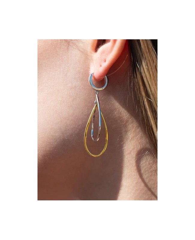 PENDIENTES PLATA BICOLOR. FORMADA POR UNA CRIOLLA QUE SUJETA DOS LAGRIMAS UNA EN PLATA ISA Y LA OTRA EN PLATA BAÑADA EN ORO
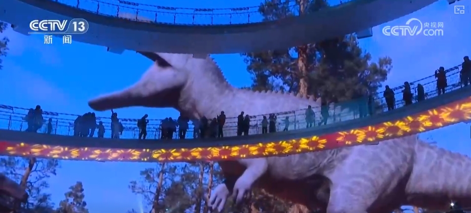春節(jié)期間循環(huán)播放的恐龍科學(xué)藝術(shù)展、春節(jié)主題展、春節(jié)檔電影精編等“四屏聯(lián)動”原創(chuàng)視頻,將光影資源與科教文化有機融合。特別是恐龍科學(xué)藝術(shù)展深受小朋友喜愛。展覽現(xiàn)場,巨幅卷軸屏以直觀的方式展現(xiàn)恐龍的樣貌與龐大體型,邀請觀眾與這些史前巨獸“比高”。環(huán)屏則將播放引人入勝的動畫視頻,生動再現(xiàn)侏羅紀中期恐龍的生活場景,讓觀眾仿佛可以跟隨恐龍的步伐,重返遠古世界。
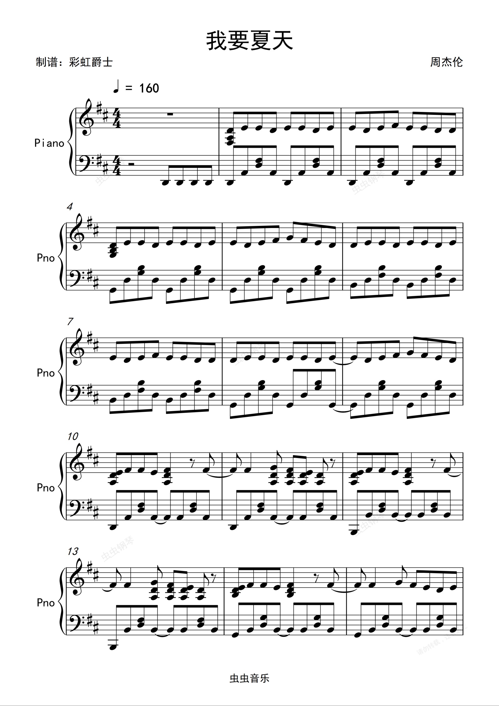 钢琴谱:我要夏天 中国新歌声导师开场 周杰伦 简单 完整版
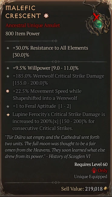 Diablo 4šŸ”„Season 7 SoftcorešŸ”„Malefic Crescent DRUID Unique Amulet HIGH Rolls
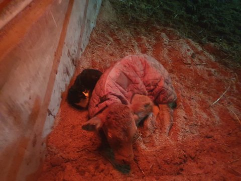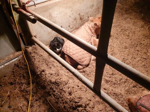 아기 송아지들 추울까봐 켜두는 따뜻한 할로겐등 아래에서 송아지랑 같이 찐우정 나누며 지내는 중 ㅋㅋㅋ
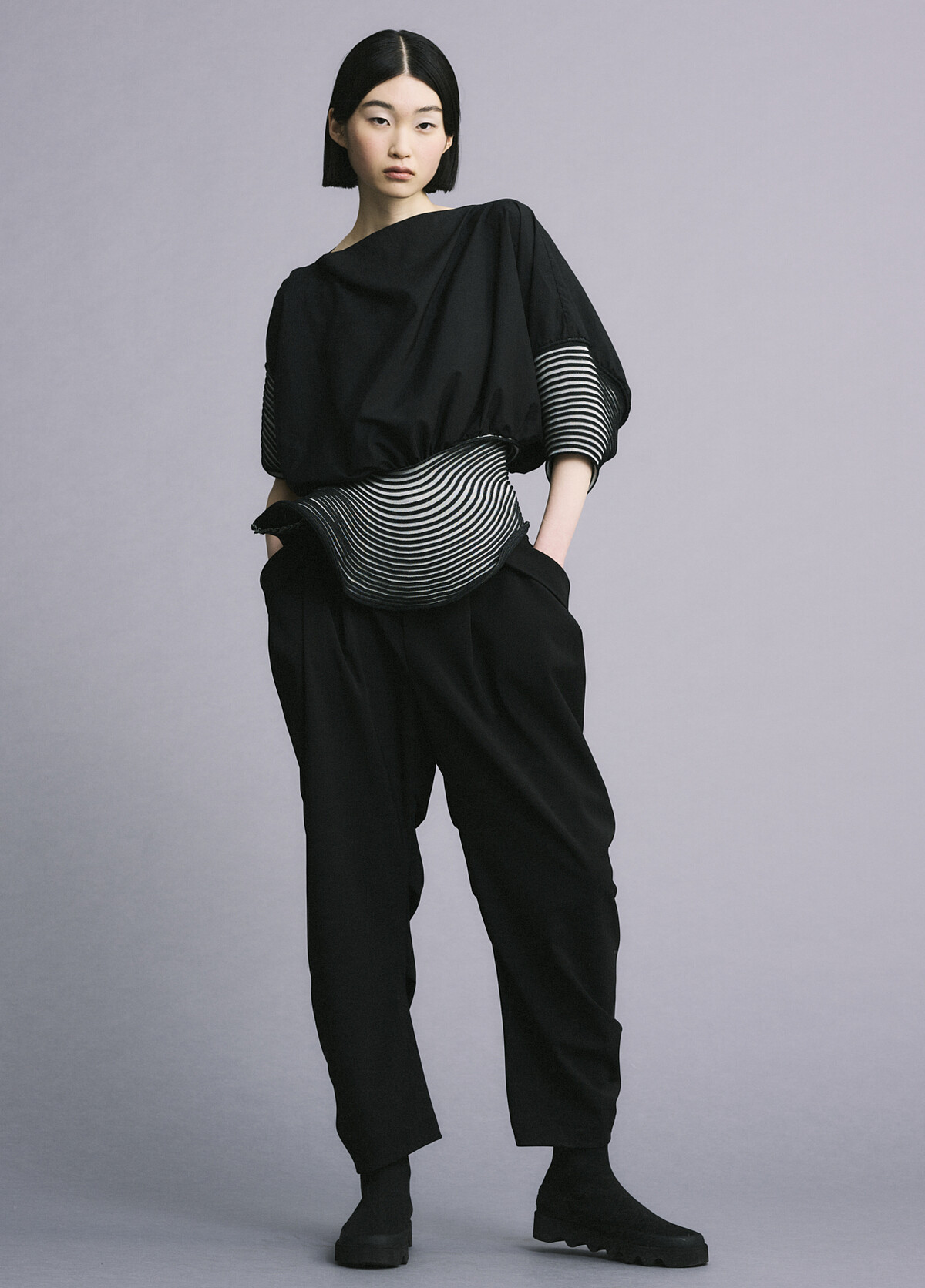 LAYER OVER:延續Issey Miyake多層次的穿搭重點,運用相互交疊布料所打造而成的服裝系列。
..........
▶ _TASK STATEMENT_: Restate the listing word for word and drop the pictures.

▶ _WRITTEN SOLUTION_:
 PENDIENTES PLATA BICOLOR. FORMADA POR UNA CRIOLLA QUE SUJETA DOS LAGRIMAS UNA EN PLATA ISA Y LA OTRA EN PLATA BAÑADA EN ORO
春節(jié)期間循環(huán)播放的恐龍科學(xué)藝術(shù)展、春節(jié)主題展、春節(jié)檔電影精編等“四屏聯(lián)動”原創(chuàng)視頻,將光影資源與科教文化有機融合。特別是恐龍科學(xué)藝術(shù)展深受小朋友喜愛。展覽現(xiàn)場,巨幅卷軸屏以直觀的方式展現(xiàn)恐龍的樣貌與龐大體型,邀請觀眾與這些史前巨獸“比高”。環(huán)屏則將播放引人入勝的動畫視頻,生動再現(xiàn)侏羅紀中期恐龍的生活場景,讓觀眾仿佛可以跟隨恐龍的步伐,重返遠古世界。
 钢琴谱:我要夏天 中国新歌声导师开场 周杰伦 简单 完整版
 Diablo 4šŸ”„Season 7 SoftcorešŸ”„Malefic Crescent DRUID Unique Amulet HIGH Rolls
 아기 송아지들 추울까봐 켜두는 따뜻한 할로겐등 아래에서 송아지랑 같이 찐우정 나누며 지내는 중 ㅋㅋㅋ
 LAYER OVER:延續Issey Miyake多層次的穿搭重點,運用相互交疊布料所打造而成的服裝系列。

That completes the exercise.